Segment Start: Supplied data
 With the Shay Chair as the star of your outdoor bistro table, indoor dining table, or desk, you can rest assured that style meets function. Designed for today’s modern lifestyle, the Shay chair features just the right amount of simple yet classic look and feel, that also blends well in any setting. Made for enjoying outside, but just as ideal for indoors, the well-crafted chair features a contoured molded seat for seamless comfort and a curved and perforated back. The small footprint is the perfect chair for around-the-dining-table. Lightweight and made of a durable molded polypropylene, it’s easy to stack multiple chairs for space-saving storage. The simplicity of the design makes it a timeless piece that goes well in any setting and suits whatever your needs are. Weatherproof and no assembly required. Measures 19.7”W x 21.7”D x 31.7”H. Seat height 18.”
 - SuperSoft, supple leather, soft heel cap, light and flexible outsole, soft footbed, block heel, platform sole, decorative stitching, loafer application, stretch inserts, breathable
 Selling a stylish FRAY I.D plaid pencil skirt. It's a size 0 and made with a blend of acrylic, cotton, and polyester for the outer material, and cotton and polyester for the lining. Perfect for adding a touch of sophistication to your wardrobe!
Segment End: Supplied data
Segment Start: Supplied data
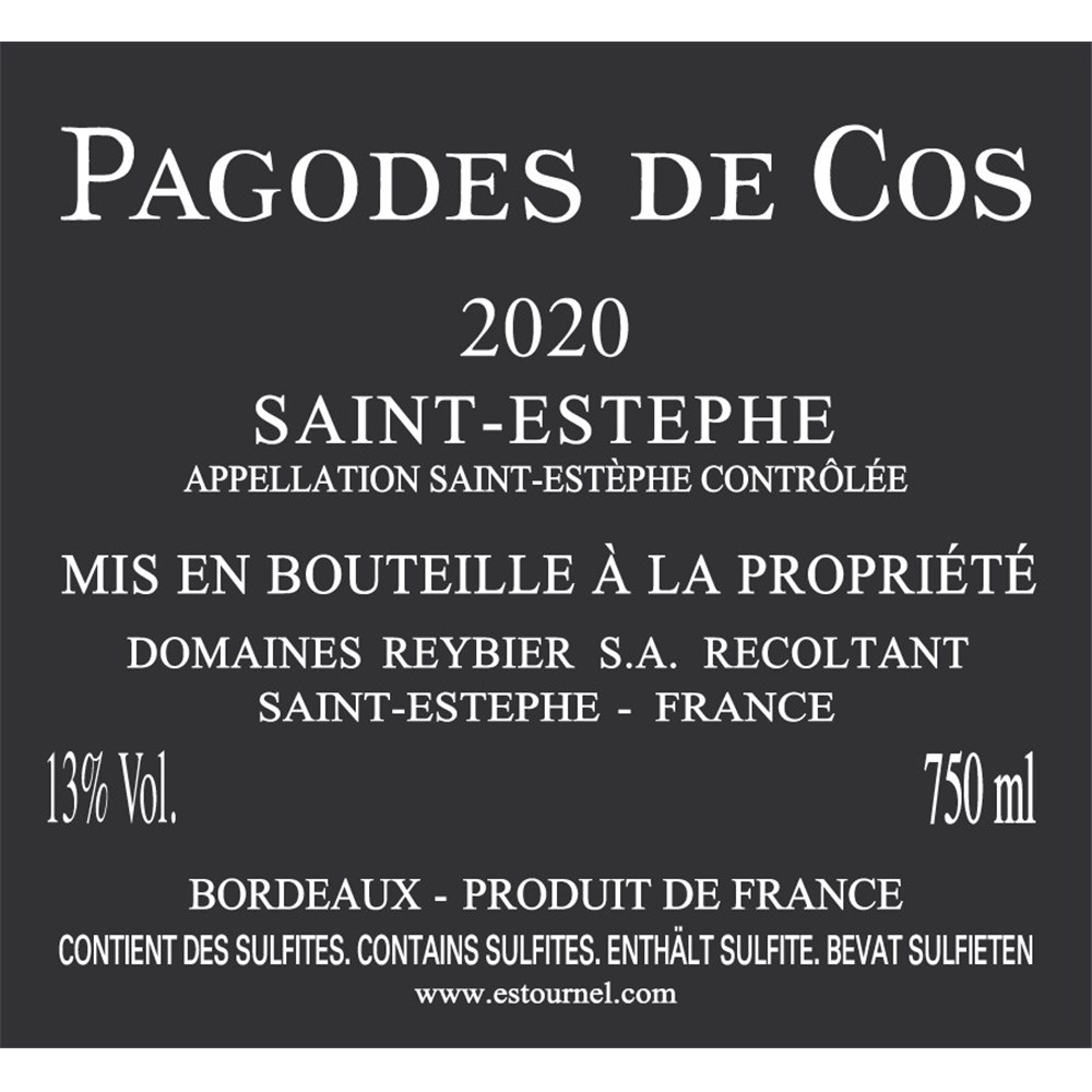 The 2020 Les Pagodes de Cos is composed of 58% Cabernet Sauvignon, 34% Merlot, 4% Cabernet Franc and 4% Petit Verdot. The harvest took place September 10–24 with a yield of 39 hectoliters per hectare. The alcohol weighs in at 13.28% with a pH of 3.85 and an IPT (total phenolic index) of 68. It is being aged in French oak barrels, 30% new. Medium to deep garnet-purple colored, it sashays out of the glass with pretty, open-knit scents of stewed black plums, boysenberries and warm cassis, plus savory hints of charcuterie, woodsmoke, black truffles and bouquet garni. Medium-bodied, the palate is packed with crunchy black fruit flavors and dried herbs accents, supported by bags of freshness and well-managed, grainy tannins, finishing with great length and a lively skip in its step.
Segment End: Supplied data
Segment Start: Supplied data
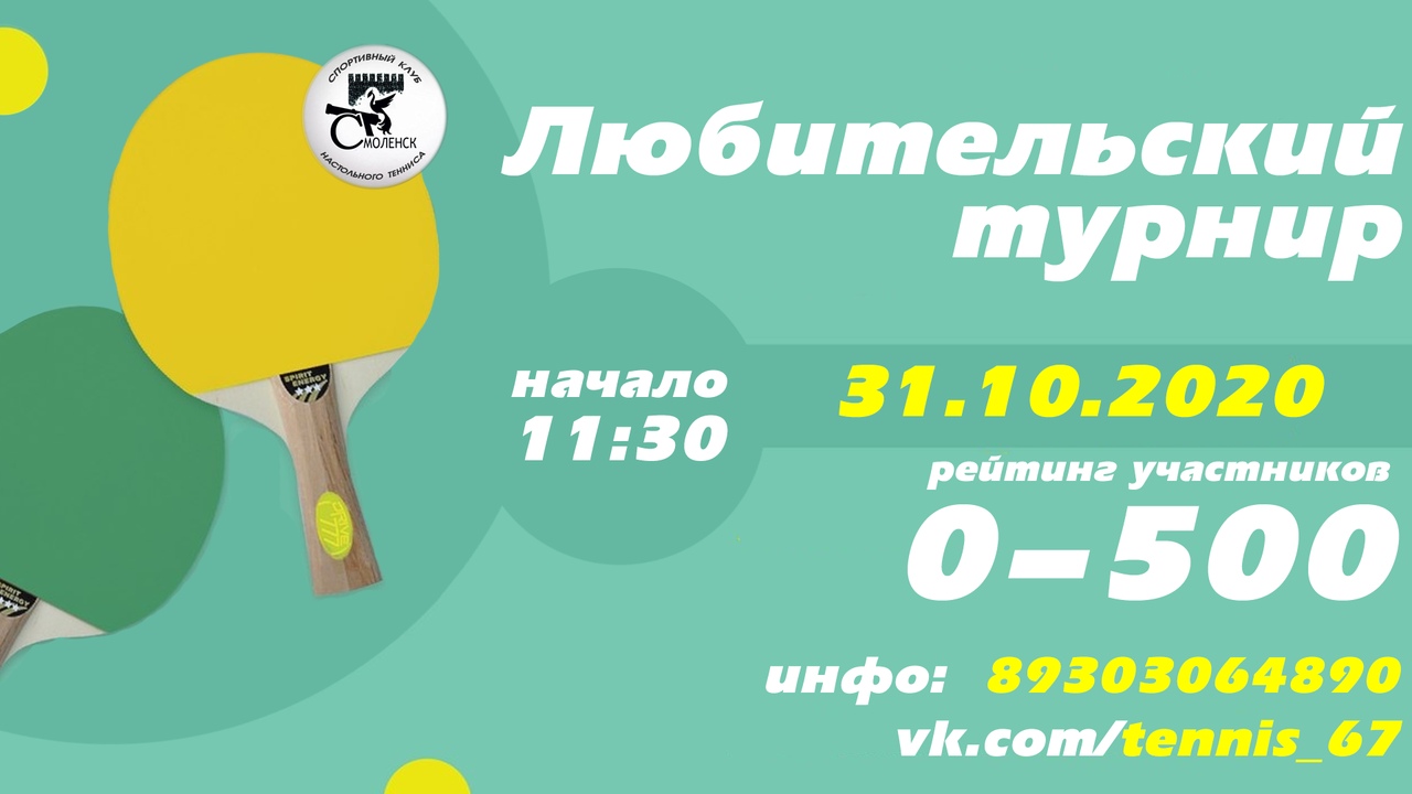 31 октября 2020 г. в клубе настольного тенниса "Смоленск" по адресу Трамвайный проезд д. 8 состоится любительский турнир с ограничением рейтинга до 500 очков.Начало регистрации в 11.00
Segment End: Supplied data
__Work item__. Reproduce exactly the lines of the records above from the one with "- SuperSoft, supple" to the one with "Selling a stylish", both included, and leave out everything else.

__Response area__.
 - SuperSoft, supple leather, soft heel cap, light and flexible outsole, soft footbed, block heel, platform sole, decorative stitching, loafer application, stretch inserts, breathable
 Selling a stylish FRAY I.D plaid pencil skirt. It's a size 0 and made with a blend of acrylic, cotton, and polyester for the outer material, and cotton and polyester for the lining. Perfect for adding a touch of sophistication to your wardrobe!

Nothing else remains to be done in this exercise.